Schroeder Daniel C, Guschlbauer Maria, Maul Alexandra C, Cremer Daniel A, Becker Ingrid, de la Puente Bethencourt David, Paal Peter, Padosch Stephan A, Wetsch Wolfgang A, Annecke Thorsten, Böttiger Bernd W, Sterner-Kock Anja, Herff Holger
Department of Anaesthesiology and Intensive Care Medicine, University Hospital of Cologne, Kerpener Straße 62, Cologne, Germany.
Department of Experimental Medicine, University Hospital of Cologne, Cologne, Germany.
PLoS One. 2017 Mar 14;12(3):e0173229. doi: 10.1371/journal.pone.0173229. eCollection 2017.
Targeted temperature management (TTM) is widely used in critical care settings for conditions including hepatic encephalopathy, hypoxic ischemic encephalopathy, meningitis, myocardial infarction, paediatric cardiac arrest, spinal cord injury, traumatic brain injury, ischemic stroke and sepsis. Furthermore, TTM is a key treatment for patients after out-of-hospital cardiac-arrest (OHCA). However, the optimal cooling method, which is quick, safe and cost-effective still remains controversial. Since the oesophagus is adjacent to heart and aorta, fast heat-convection to the central blood-stream could be achieved with a minimally invasive oesophageal heat exchanger (OHE). To date, the optimal diameter of an OHE is still unknown. While larger diameters may cause thermal- or pressure-related tissue damage after long-term exposure to the oesophageal wall, smaller diameter (e.g., gastric tubes, up to 11mm) may not provide effective cooling rates. Thus, the objective of the study was to compare OHE-diameters of 11mm (OHE11) and 14.7mm (OHE14.7) and their effects on tissue and cooling capability.
Pigs were randomized to OHE11 (N = 8) or OHE14.7 (N = 8). After cooling, pigs were maintained at 33°C for 1 hour. After 10h rewarming, oesophagi were analyzed by means of histopathology. The oesophagus of four animals from a separate study that underwent exactly the identical preparation and cooling protocol described above but received a maintenance period of 24h were used as histopathological controls.

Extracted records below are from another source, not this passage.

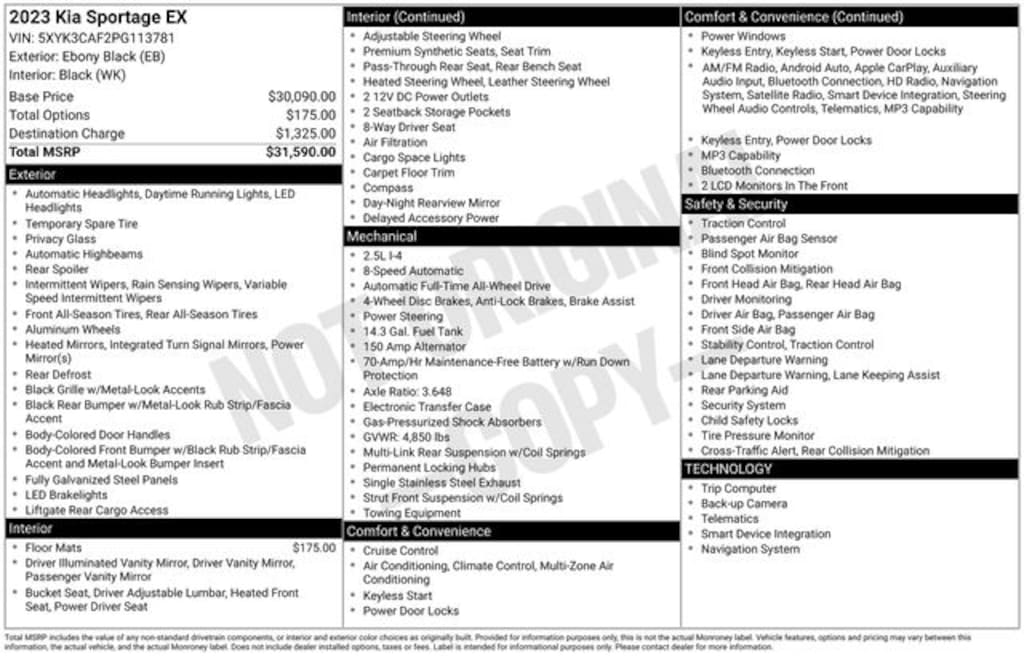 Recent Arrival! 2023 Kia Sportage EX I4 8-Speed Automatic AWD 4D Sport Utility Ebony Black AWD, 4-Wheel Disc Brakes, 6 Speakers, ABS brakes, Air Conditioning, Alloy wheels, AM/FM radio: SiriusXM, Apple CarPlay & Android Auto, Auto High-beam Headlights, Automatic temperature control, Axle Ratio: 3.648, Brake assist, Bumpers: body-color, Carpeted Floor Mats, Compass, Delay-off headlights, Driver door bin, Driver vanity mirror, Dual front impact airbags, Dual front side impact airbags, Electronic Stability Control, Emergency communication system, Four wheel independent suspension, Front anti-roll bar, Front Bucket Seats, Front Center Armrest, Front dual zone A/C, Fully automatic headlights, Heated door mirrors, Heated Front Bucket Seats, Heated front seats, Heated steering wheel, Illuminated entry, Leather Shift Knob, Leather steering wheel, Leatherette Seat Trim, Low tire pressure warning, Navigation System, Occupant sensing airbag, Outside temperature display, Overhead airbag, Overhead console, Panic alarm, Passenger door bin, Passenger vanity mirror, Power door mirrors, Power driver seat, Power steering, Power windows, Radio: AM/FM/HD Audio System, Rain sensing wipers, Rear anti-roll bar, Rear seat center armrest, Rear window defroster, Rear window wiper, Remote keyless entry, Security system, Speed control, Speed-sensing steering, Split folding rear seat, Spoiler, Steering wheel mounted audio controls, Tachometer, Telescoping steering wheel, Tilt steering wheel, Traction control, Trip computer, Turn signal indicator mirrors, Variably intermittent wipers, Wheels: 18" Machine Finish Alloy, AWD.
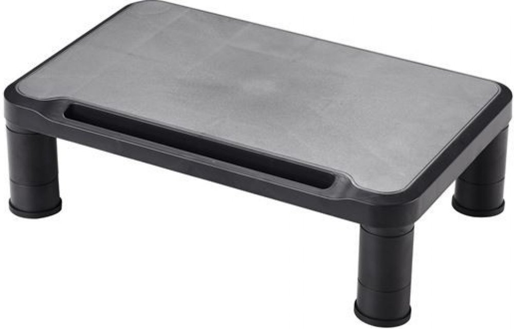 Plastový stojan na monitor Q-Connect nastavitelný do 3 různých výšek Stojan má přední slot pro uložení telefonu / tabletu, případně psacích potřeb Rozměry odkládací desky: 38 x 24 cm Možno nastavit na …
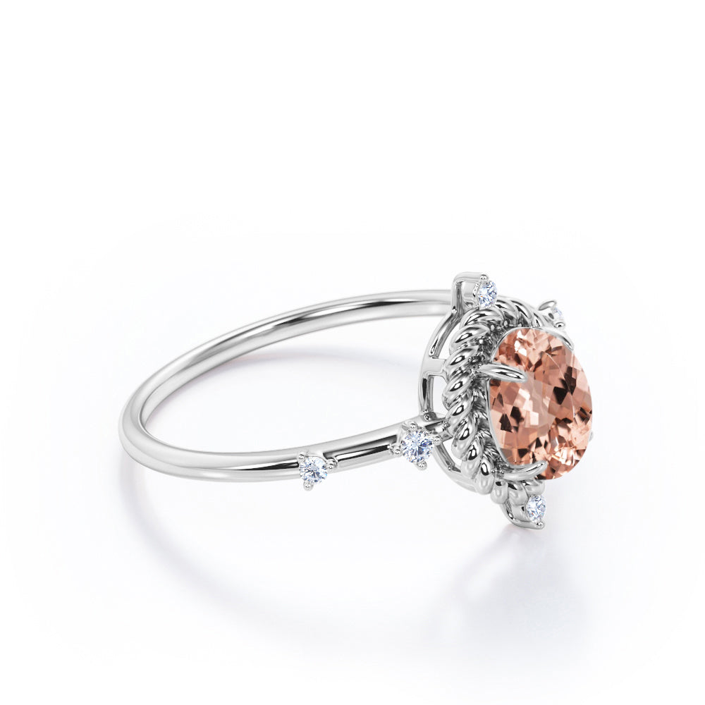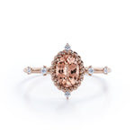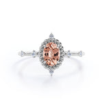 1.25 Carat Oval Cut Peach Morganite and Diamond Engagement Ring in 10k White Gold Handmade Ring
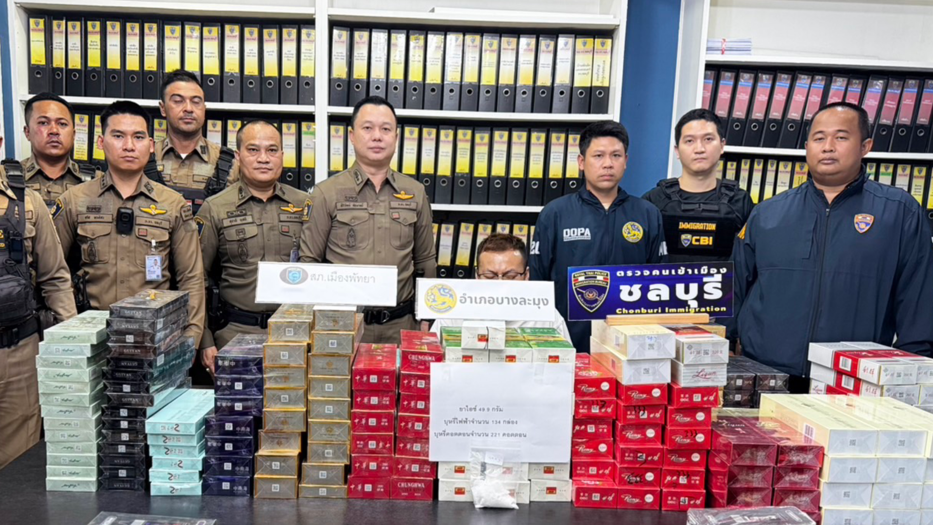 จับกุมหนุ่มจีนคอนโดหรูกลางพัทยา ยึดยาไอซ์–บุหรี่ไฟฟ้ากว่า 300 กล่อง
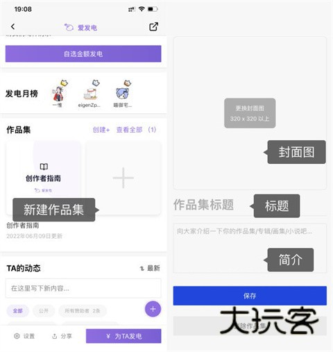 2、填写作品集的标题、封面图与简介(可选)并保存;

Mean cooling rates were 2.8±0.4°C°C/h (OHE11) and 3.0±0.3°C °C/h (OHE14.7; p = 0.20). Occasional mild acute inflammatory transepithelial infiltrates were found in the cranial segment of the oesophagus in all groups including controls. Deviations from target temperature were 0.1±0.4°C (OHE11) and 0±0.1°C (OHE14.7; p = 0.91). Rewarming rates were 0.19±0.07°C °C/h (OHE11) and 0.20±0.05°C °C/h (OHE14.7; p = 0.75).
OHE with diameters of 11 mm and 14.7 mm achieve effective cooling rates for TTM and did not cause any relevant oesophageal tissue damage. Both OHE demonstrated acceptable deviations from target temperature and allowed for an intended rewarming rate (0.25°C/h).
目标温度管理(TTM)广泛应用于重症监护环境,用于治疗包括肝性脑病、缺氧缺血性脑病、脑膜炎、心肌梗死、小儿心脏骤停、脊髓损伤、创伤性脑损伤、缺血性中风和脓毒症等病症。此外,TTM是院外心脏骤停(OHCA)患者的关键治疗方法。然而,快速、安全且具有成本效益的最佳降温方法仍存在争议。由于食管与心脏和主动脉相邻,使用微创食管热交换器(OHE)可实现向中心血流的快速热对流。迄今为止,OHE的最佳直径仍不清楚。虽然较大直径在长期接触食管壁后可能会导致与热或压力相关的组织损伤,但较小直径(例如胃管,最大11mm)可能无法提供有效的降温速率。因此,本研究的目的是比较11mm(OHE11)和14.7mm(OHE14.7)的OHE直径及其对组织和降温能力的影响。
将猪随机分为OHE11组(N = 8)或OHE14.7组(N = 8)。降温后,将猪维持在33°C 1小时。复温10小时后,通过组织病理学分析食管。从另一项单独研究中选取4只动物的食管,这些动物接受了与上述完全相同的准备和降温方案,但维持期为24小时,用作组织病理学对照。
平均降温速率为2.8±0.4°C/h(OHE11)和3.0±0.3°C/h(OHE14.7;p = 0.20)。在包括对照组在内的所有组中,在食管头段偶尔发现轻度急性炎症性跨上皮浸润。与目标温度的偏差为0.1±0.4°C(OHE11)和0±0.1°C(OHE14.7;p = 0.91)。复温速率为0.19±0.07°C/h(OHE11)和0.20±0.05°C/h(OHE14.7;p = 0.75)。